# teenXXX Dialer



## Anonymous (21 April 2002)

Mein Vater ruft mich gerade an und fragt was das für eine - wörtlich: "naksche Frau" ist die absolut nicht verschwinden will. Nach langen Fragen muß mein Bruder einen Dialer auf den Rechner installiert haben. Leider waren alle Versuche vergeblich, den Dialer wieder zu deinstallieren. Unter Software haben wir ihn deinstalliert aber er bleibt trotz dem Aktiv und installiert! In der Taskleiste kann ich Ihn auch nicht mit der rechten Maustaste ausschalten. Die Daten des Dialers sind: VersinB, dann steht da noch eine Nummer WMP00000000454 und die Einwahlnummer: 0190854765 für 1,86 €/Minute. Leider sitzt mein Vater in Dresden und ich in Hamburg, daher ist es etwas schwierig genaueres dazu zu sagen. Fakt ist die 0190- Nummern sind seitens der Telekom gesperrt wurden und Modem ist auch keines im Rechner (DSL) also kann nichts passieren nur sollte schon dieser blöde Dialer weg gehen. Beim Versuch ihn zu schließen, offnet er sich gleich wieder und gibt eiene Modemerror raus -weil keins da ist! Hat jemand eien Tip, wie ich dieses Ding entfernen kann? Leider funktioniert die Remoteunterstützung nicht, sonst könnte ich da selbst mal im Rechner nachschauen! Ok, ich hoffe hier kann mir jemand weiter helfen!   Dank, Thomas Reichel


----------



## dialerfucker (21 April 2002)

@thomas;
hallo,
unter www.dialerhilfe.de gibt es in der Themenübersicht zwei Punkte:
Autostart löschen und lästige Startseite. Mit diesen Informationen müsste es hinhauen. Ich wette, dass dies ein Dialer von Mainpean/Stardialer ist, und da findet man sicher in der Registry Einträge...danach im Explorer unter Suchen nochmal den Name des Teils als*.exe eingeben um sicher zu gehen, dass da nicht noch Müll rumschwirrt...


----------



## Reinhard (23 April 2002)

Hallo Thomas,

nach erfolgter Installation erscheint die Verknüpfung "TeenSex.Ink" auf dem Desktop.

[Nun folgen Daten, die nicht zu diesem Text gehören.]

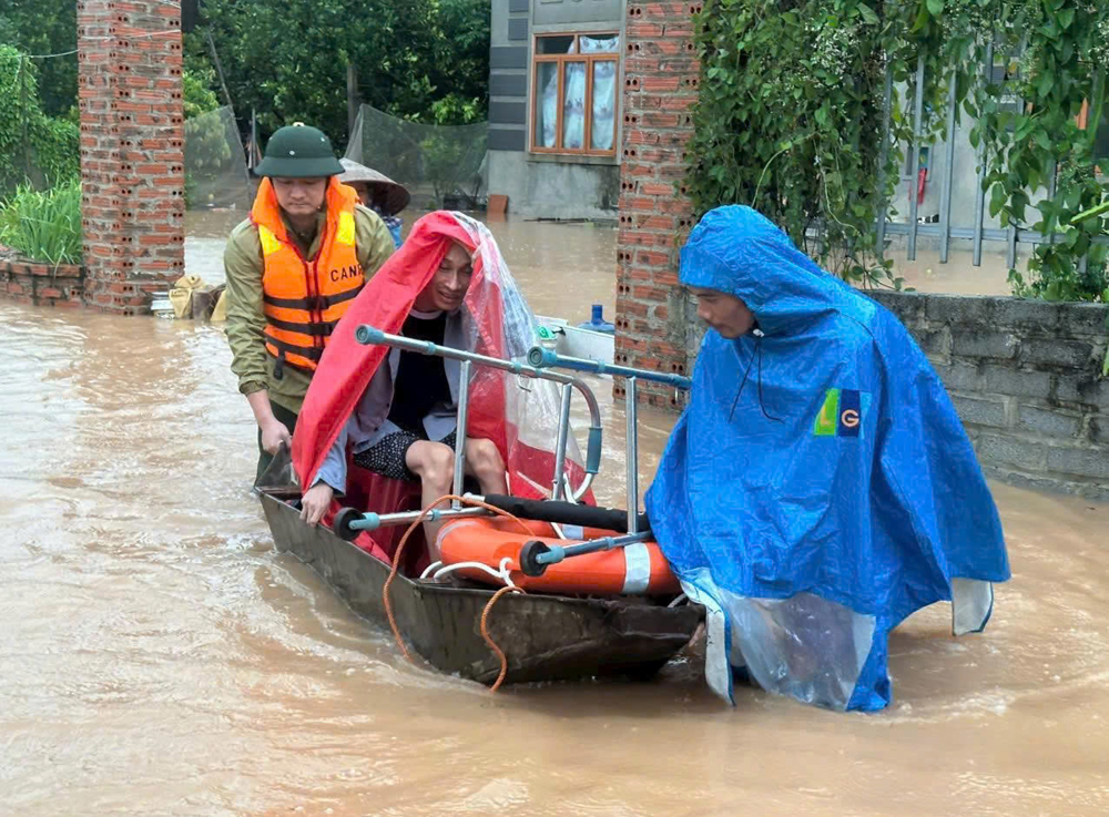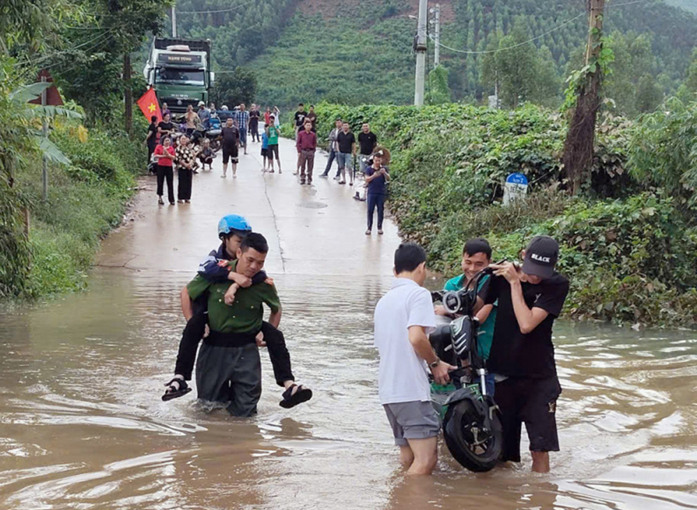 Lực lượng Cảnh sát cứu hộ, cứu nạn hỗ trợ người dân xã Tiên Lục rời khu vực nguy hiểm. |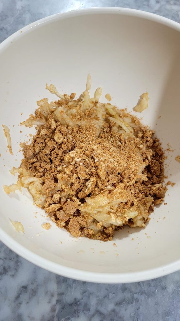 Jetzt den Belag zubereiten: Nach dem Waschen, Schälen und Entfernen des Kerngehäuses und der Samen die Birnen mit einer groben Reibe reiben.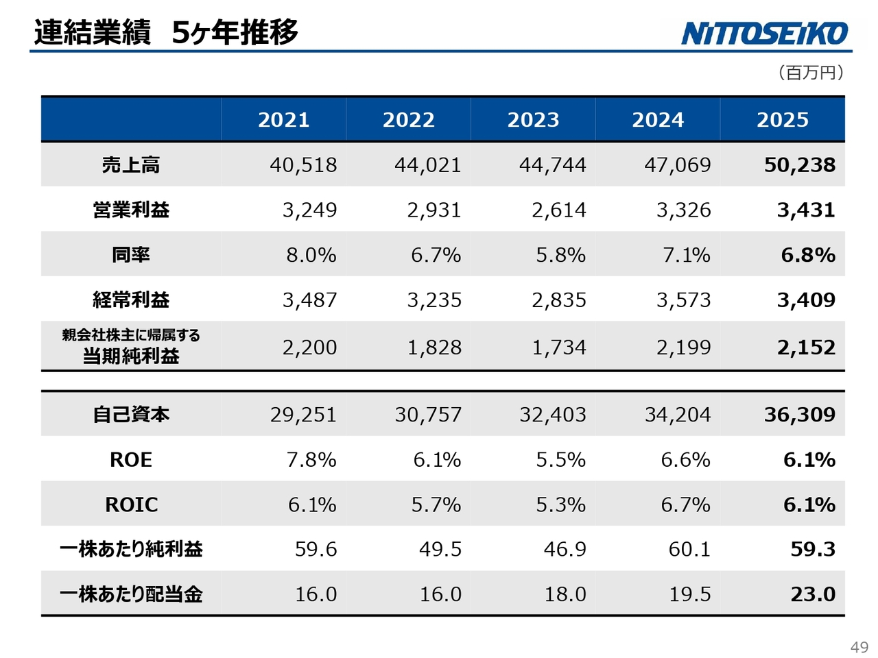 荒賀:スライドは、連結業績5年間の推移です。昨年は過去最高の売上高を達成しました。営業利益はリーマン・ショック以降の最高益を確保しています。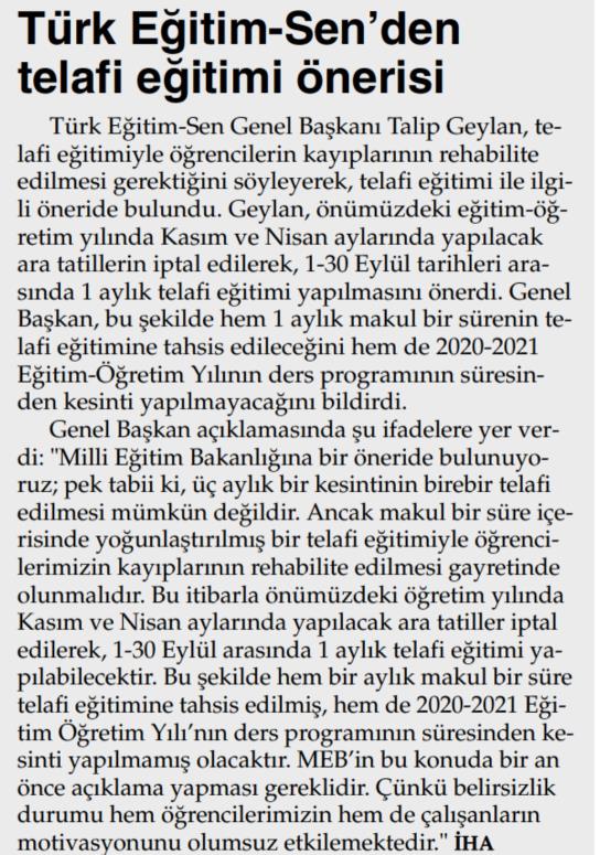 TES`den Telefi Eğitim Önerisi – Türkgün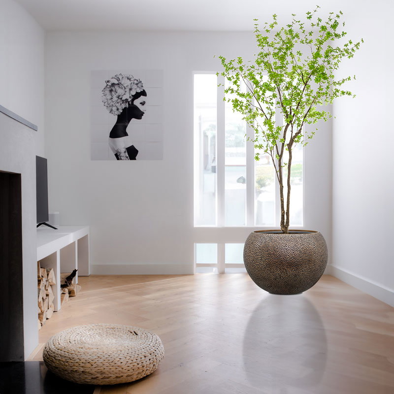 OPUS grote ronde plantenbak bloempot brons metallic voor binnen 60cm breed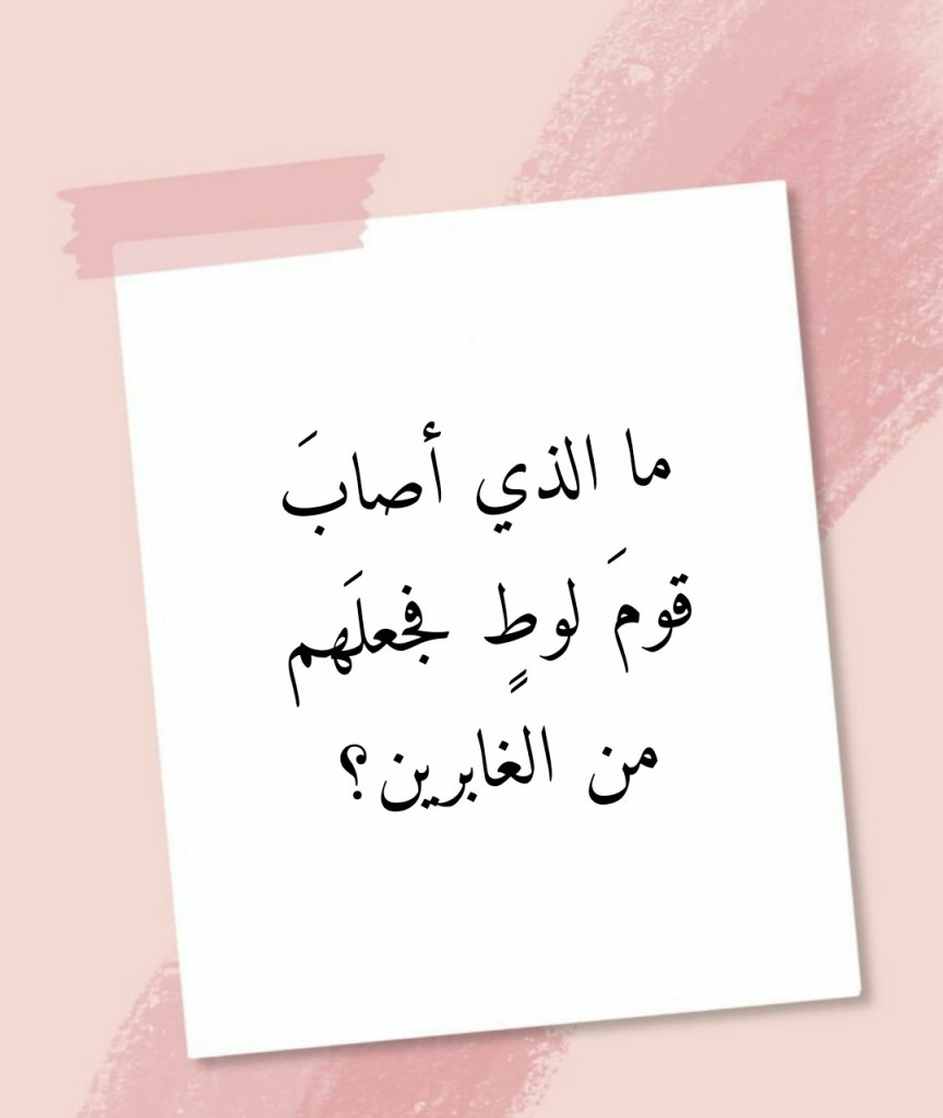 1- (إِلَّا آلَ لُوطٍ إِنَّا لَمُنَجُّوهُمْ أَجْمَعِينَ. فَأَنْجَيْنَاهُ وَأَهْلَهُ إِلَّا امْرَأَتَهُ كَانَتْ مِنَ الْغَابِرِينَ) (59- 60 الحجر).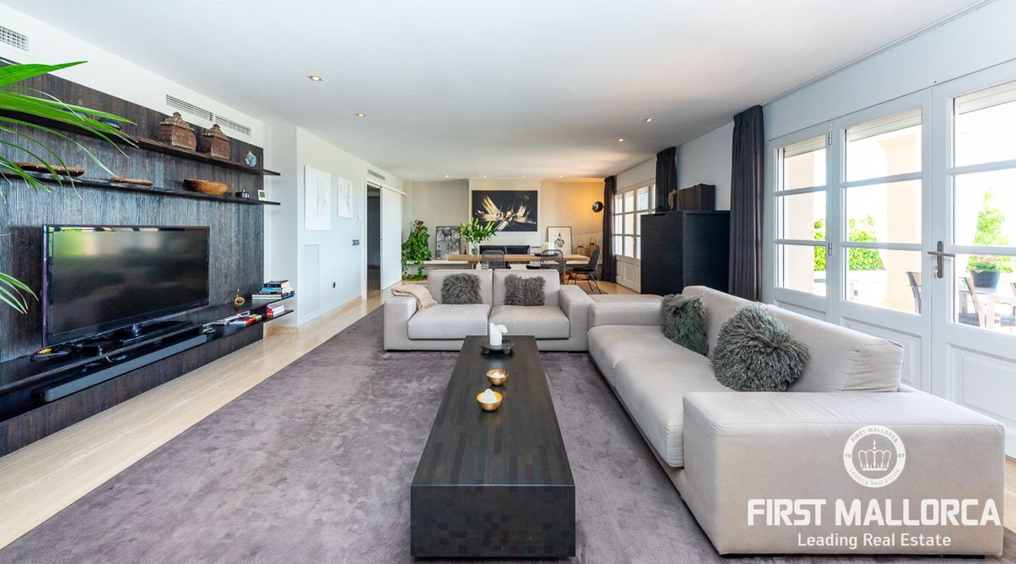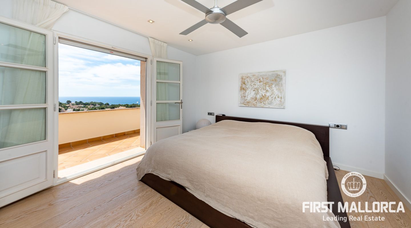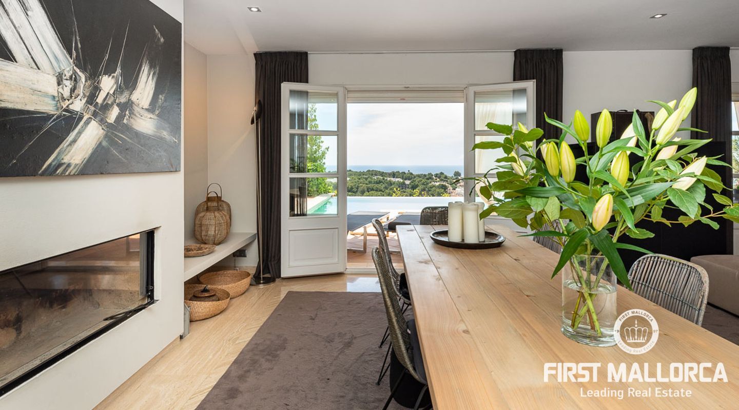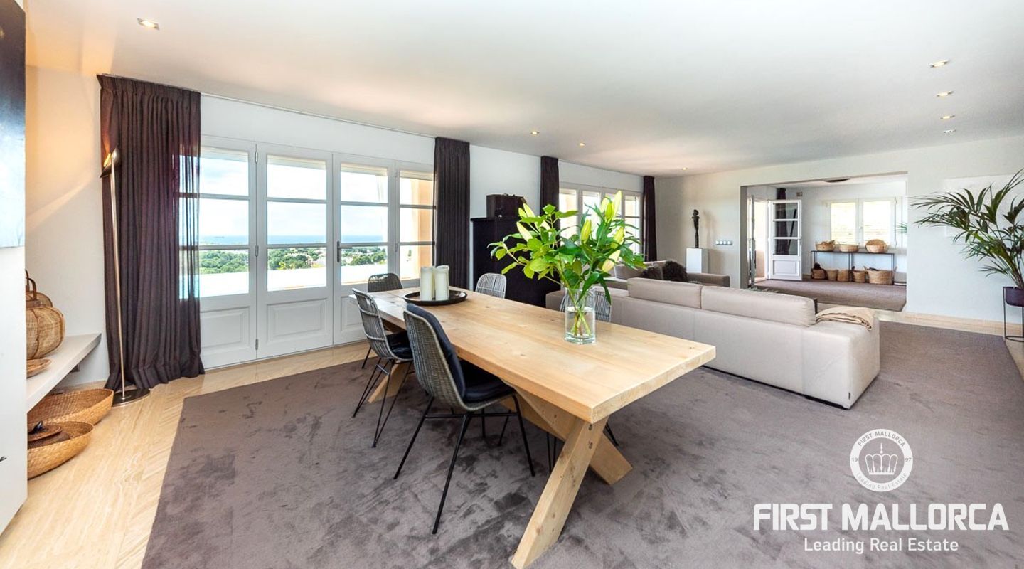 We are proud to present this sophisticated villa offering panoramic sea and golf views from its elevated position in the upmarket residential area of Anchorage Hill. It is easy to feel at home here immediately thanks to its spacious and bright interior which is totally connected to the generous covered and open terraces, allowing one to enjoy to the fullest the essence of Mediterranean living. Great care has been taken to create a comfortable and practical but yet very elegant family home which is also prepared for entertaining with family and friends at its highest level. Unqiue features of this fine piece of Mallorca real estate include: hot & cold AC, marble flooring, lift, barbecue, extensive storage and private garaging for 4 vehicles. The extensive sea views and enjoyed from all rooms and bedrooms as well as from the stunning pool area. Anchorage Hill in Bendinat is one of the island's absolut top residential areas, allowing easy access to virtually everything - the elegent Marina of Puerto Portals, the Royal Bendinat Golf Course, the extraordinary beaches of the southwest coast and still only 10 minutes into the city centre of Palma de Mallorca.

Außerdem sind Einträge in "C:\Windows\ Startmenü" und im 
Unterordner "C:\Windows\Startmenü\Programme" vorhanden.

Im Windows-Verzeichnis nistet sich die Datei "Dial32.ini" und "remg.ini" ein und unter "Windows\Dialer\" befindet sich die Datei "_WMP20000000xxx.exe".

In der Registry ist ein Eintrag unter 
"HKEY_LOCAL_MACHINE\SOFTWARE\Microsoft\Windows\ CurrentVersion\Uninstall\TeenSex" zu finden.

Unter "HKEY_LOCAL_MACHINE\SOFTWARE\Microsoft\Windows\ CurrentVersion\Run" wird der Schlüssel "deupdchk" mit dem Wert "C:\WINDOWS [Version] \Dialer\_WMP200000000xxx.exe !" eingetragen.

Die Deinstallation über die Systemsteuerung (Software) löscht keine Windows-Verzeichniseinträge sondern nur die Registry-Schlüssel.

Also diese Ordner und Dateien von Hand löschen!

Ich hoffe es hilft Dir weiter.

Gruß
Reinhard


----------